Launching Agents with RESTful APIs

Introduction: Why Expose Agents via APIs?

Think about how you use your favorite apps: checking email on your phone, responding from your laptop, or asking your smart speaker to read messages. Each device talks to the same service through an API. This is the power of decoupling — separating core logic from any single interface so it can be accessed from anywhere.

In this course, we'll put three of those factors into practice by building a real API layer around an AI agent. Specifically, this lesson kicks off Factor 11 — Trigger from anywhere, meet users where they are and expands Factor 6 — Launch / Pause / Resume with simple APIs by implementing the launch part.

We'll build a FastAPI server that exposes an AI agent through REST endpoints, making it accessible from web browsers, mobile apps, scripts, or any tool that can make HTTP requests.

Project Structure

As we transition from building standalone agent logic to exposing it via a web service, our project structure reflects a clear separation between the API layer and the core logic. You are already familiar with the core directory, which houses the agent's decision-making logic, tools, and models. We now introduce a server directory to handle web requests and a top-level test.py script to simulate a client:

src/core/: Contains the Agent class and State models you've used in previous lessons.
src/server/main.py: This is where you will write your FastAPI code. It imports the agent from core and exposes it through REST endpoints.
test.py: A standalone script that uses the requests library to "talk" to your server, allowing you to test the full lifecycle of an agent task.

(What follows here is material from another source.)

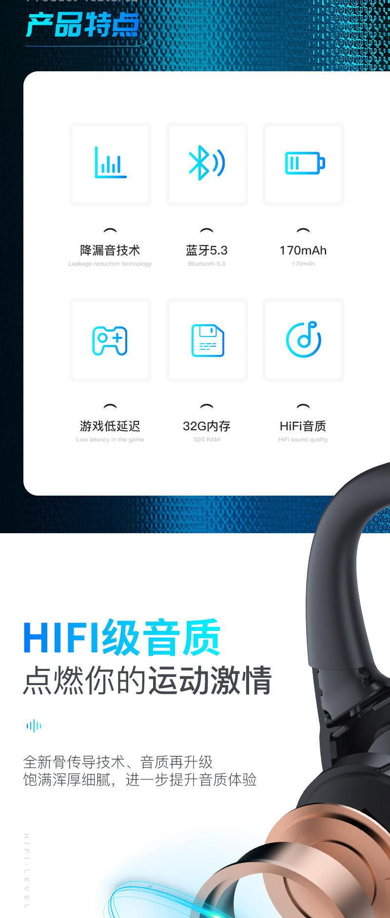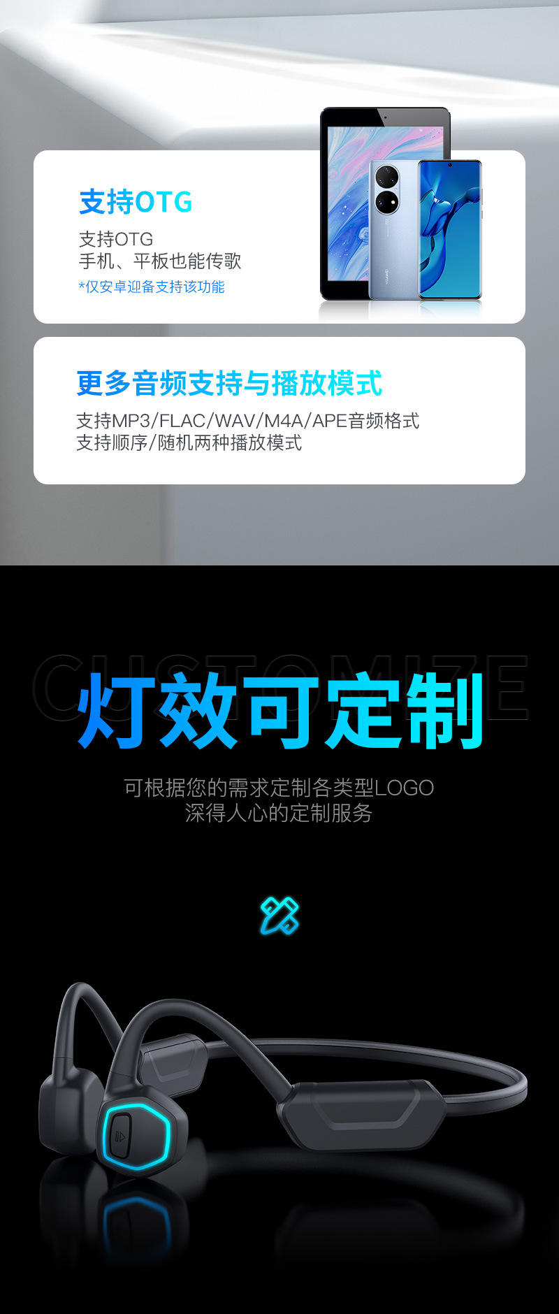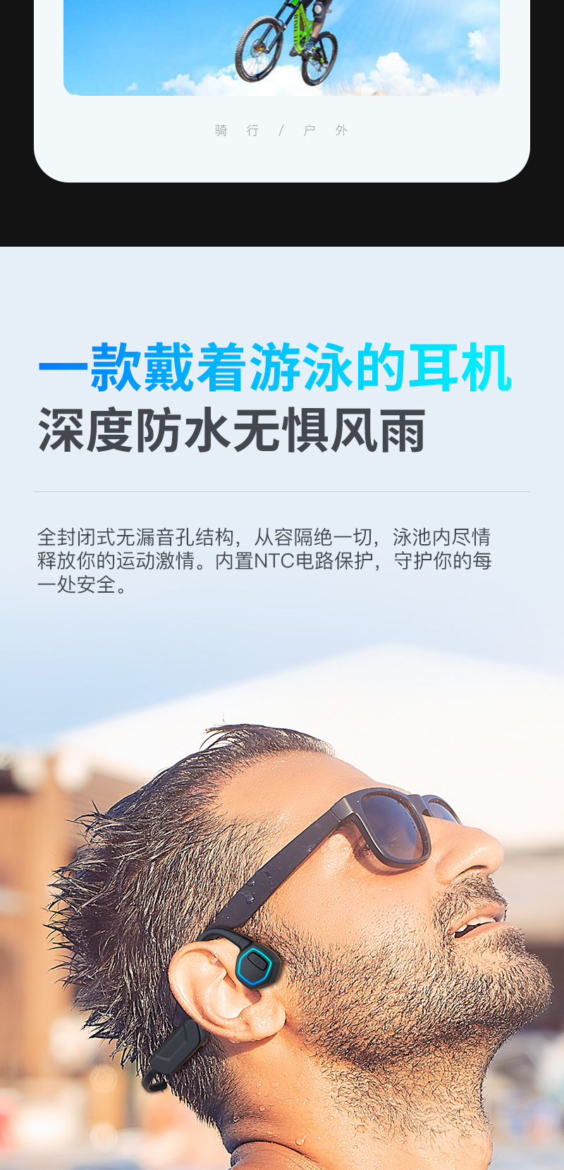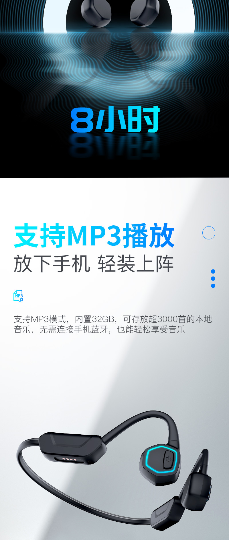 新款骨传导耳机无线蓝牙运动跑步游泳IPX8级防水带32G内存不入耳

This separation is central to Factor 11: your agent logic remains independent of how it is triggered — whether it's via a CLI, a web API, a Slack bot, or a cron job. The server directory is just one thin adapter around a stable core.

Setting Up FastAPI

FastAPI is a modern Python web framework designed for building APIs quickly and efficiently. It uses Python type hints to validate data automatically and generates interactive documentation for your endpoints. To get started, you create an instance of the FastAPI application:

This single line creates your API application. The app object will be used to define routes using Python decorators. If you were installing FastAPI locally, you would run pip install fastapi uvicorn in your terminal. To start the server locally, you would run:

This tells uvicorn to load the app object from your script and serve it, usually on http://localhost:8000. The --reload flag automatically restarts the server whenever you change your code. On CodeSignal, this environment is already set up for you.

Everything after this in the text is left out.